There are six different types of seals in Antarctica. Five species of seal, including the elephant seal and the crabeater seal, depend mainly on squid for their food. The most vicious. carnivorous seal is the leopard seal, which is a predator of penguins which feed in the Antarctic waters. Most species of whales, including the blue whale, are filter feeders. One exception is the killer whale, one type of which can be found in the Antarctic. Killer whales often hunt in packs and have even been known to attack other species of whales.

The small areas of Antarctica which are not covered with snow in the summer become covered by mosses and lichens. There are over 400 species of lichens found in Antarctica. These plants spend the winter under ice, sometimes as resistant spores, and grow rapidly in the summer months. There are only four species of flowering plants in Antarctica, all four of them grasses. The only totally terrestrial animals are small invertebrates. The largest of these is a wingless fly which measures just a few millimetres in length.

Many animals migrate to Antarctica for the summer. The Arctic tern makes its 9000km journey from the Arctic to the Antarctic each year. Many of the whales migrate southwards when the krill is abundant.

Some animals spend even the winter months in Antarctica. Penguins huddle together in large rookeries to keep warm, as the temperature drops to below -70°C and the winds reach up to 200km/h. These penguins rely on their insulating body fat to keep them warm, as well as the body heat of each other.

 

Fact File No.1

The killer whale is 9 metres long and has a mass or around 4,5 tonnes. Killer whales often hunt together and help each other to trap schoals of salmon. They normally swim at around 64 km/h but can reach speeds of 80 km/h when hunting.

A killer whale must eat 2,5% to 5% of its body mass each day (up to 900 kg). Its diet includes anything from small fish to the largest whales.

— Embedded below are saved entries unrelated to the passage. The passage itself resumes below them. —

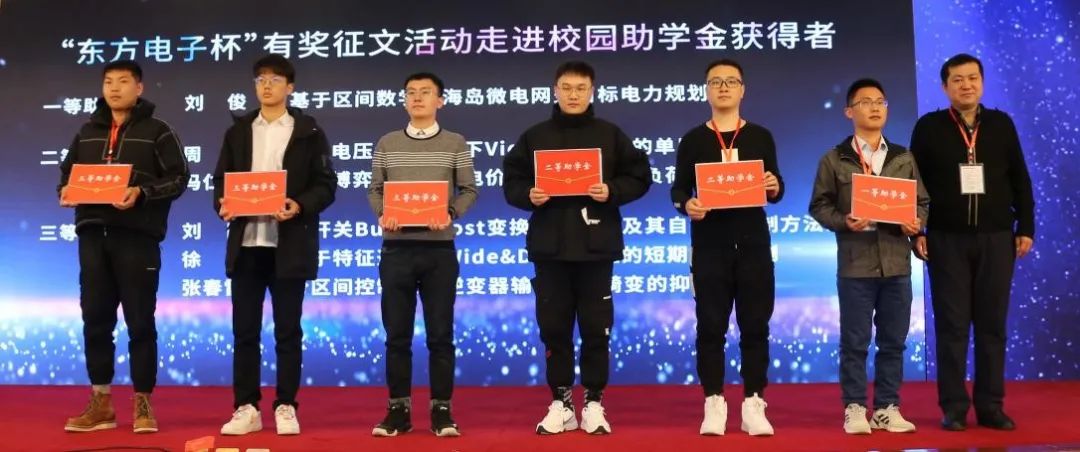 活动始终关注教育事业,先后走进山东大学、西安交通大学、华北电力大学、东北电力大学、中国农业大学和哈尔滨工程大学。今年,“威海经济技术开发区九场长教育咨询服务工作室杯”有奖征文活动继续走进大学校园,与广大青年学子激荡创意,畅想前沿科技,其中6篇论文作者获得助学金奖励。 针对电力人抗击疫情的感人事迹,本次活动特设立纪实类奖项,共有2篇文章作者获奖。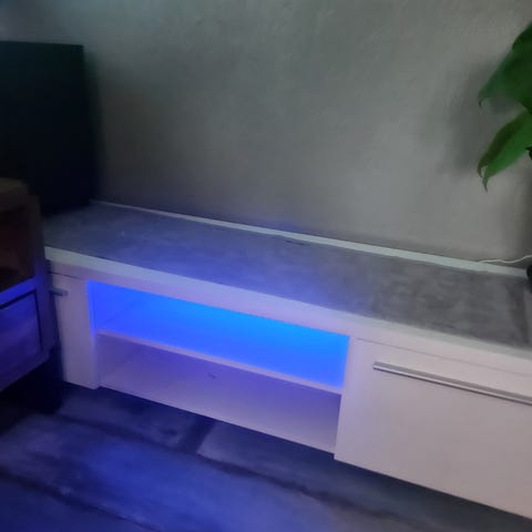 Vägghängd TV Bänks Set, Etanolkamin med förvaring på båda sidorna och en mindre separat hylla för förvaring.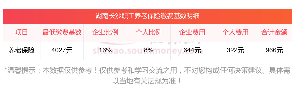 假设湖南长沙的养老保险缴费基数为4027元,个人按照8%的比例缴纳养老保险费用,企业按照16%的比例缴纳。则该职工的养老保险缴费计算如下:

It will also attack dolphins, seals and sea birds.

 

The emperor penguins, which spend the winter inland in some of the coldest areas, do not feed at all during the winter. In the spring the female lays one egg which is kept in a special fold of skin over the feet of the male while the female goes to sea to feed. In this way the egg and the chick, once it has hatched, are protected from the cold.

 

Antarctic Food Web  © Shirley Burchill

All penguins feed at sea, either on krill or squid. One parent goes to feed while the other one remains in the rookery to protect its young. When the adult returns, it regurgitates some of the food it has eaten in order to feed its chick. The chick taps on the side of its parent's beak so that some food is regurgitated. Many penguin chicks do not survive. Their parents may be killed at sea or perhaps the chicks are too weak to tap on their parent's beak. This is often the case when there are two chicks in the brood. The stronger chick is able to obtain more regurgitated food. Dead penguin chicks are food for the skua. The skuas are scavenging birds which can always be found hovering around penguin rookeries. Skuas will also help themselves to penguin eggs if the eggs are left unattended.

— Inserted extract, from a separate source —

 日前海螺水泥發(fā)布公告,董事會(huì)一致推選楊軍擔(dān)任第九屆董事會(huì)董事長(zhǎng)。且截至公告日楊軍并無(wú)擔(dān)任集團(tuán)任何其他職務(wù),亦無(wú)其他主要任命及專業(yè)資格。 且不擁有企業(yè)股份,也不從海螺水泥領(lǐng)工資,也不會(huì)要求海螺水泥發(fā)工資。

The gentoo and Adélie penguins breed on the uncovered coastal areas during the summer months. Their rookeries are often found on the cliff tops, well away from the reach of leopard seals. These penguins build nests of pebbles and stones. The male penguin is constantly tending the nest. A penguin rookery is a very noisy place. It also has an extremely unpleasant smell due to the enormous quantities of excrement, known as guano.